Topics discussed include:
-
The impact of Section 409A on severance arrangements, including favorable new rules on "good reason" provisions.
-
The types of stock that can underlie stock options and stock appreciation rights that avoid the coverage of Section 409A.
-
Rules on when payments can be made, including the required six-month delay applicable to "specified employees" of public companies.
-
How health care and other benefits provided to departing employees can be structured to comply with Section 409A.
-
The plan amendments that must be adopted by December 31, 2007 to bring arrangements into compliance with Section 409A and the consequences of noncompliance.
Who should view this program:
In-house counsel, human resources personnel, tax department personnel and other personnel responsible for compensation matters.
Featured presenters include:
Steve Fackler - Steve is a partner in Gibson Dunn's Palo Alto office. He is a Co-Chair of the firm's Executive Compensation and Employee Benefits Practice Group. Steve has more than 22 years' experience nationwide advising public and private companies, private equity funds and boards of directors on compensation and benefits matters. He also regularly advises senior executives on their employment and severance arrangements and directors in connection with compensation and indemnification arrangements.
Charles Feldman - Charlie is a partner in the New York office and has represented clients with respect to executive compensation and tax matters for more than 35 years. He was formerly Chair of the Executive Compensation Practice Group and co-Partner-in-Charge of the New York office. He is the author of Executive Compensation Planning (P.L.I.) and is co-author of "Compensation, Insurance and Survivorship Benefits," Legal and Tax Planning Forms (Warren, Gorham & Lamont). He has also written numerous articles on executive compensation and income tax subjects. He is also on the Editorial Board and the author of a quarterly column on "Executive Compensation" for the Journal of Pension Planning & Compliance (Panel).
David West - David is a partner in the Los Angeles office and has provided executive compensation advice for more than 25 years. He was formerly Chair of the Employee Benefits and Executive Compensation Practice Group.

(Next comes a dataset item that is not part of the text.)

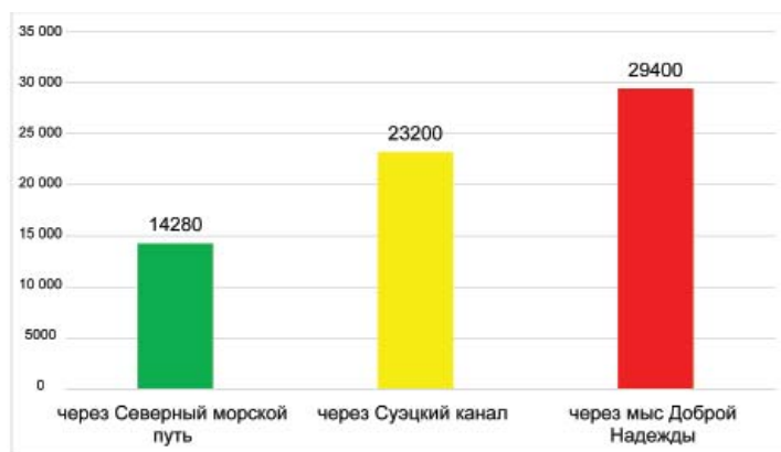
Рис. 2. Протяженность морских путей из Европы на Дальний Восток, км

David has extensive experience in all aspects of employee benefits law, including related areas of labor, tax and securities law. He has handled numerous significant matters involving compliance counseling and planning, transactions and litigation in connection with pension and profit sharing, employee stock ownership plans, health and life insurance, and deferred and executive compensation. He has also served as an expert witness in various employee benefits and pension accounting disputes.
Michael Collins - Mike is a partner in the Washington, DC office. His practice focuses on all aspects employee benefits and executive compensation. His practice runs the full gamut of tax, ERISA, accounting, corporate, and securities law aspects of stock option, SAR, restricted stock, and employee stock purchase plans; tax-qualified retirement plans, nonqualified deferred compensation; SERPs; executive employment agreements, golden parachutes and other change in control arrangements; severance, confidentiality, and noncompete contracts; performance bonus and incentive plans; director's pay; rabbi trusts; split dollar life insurance; excess benefit and top hat plans; and the like.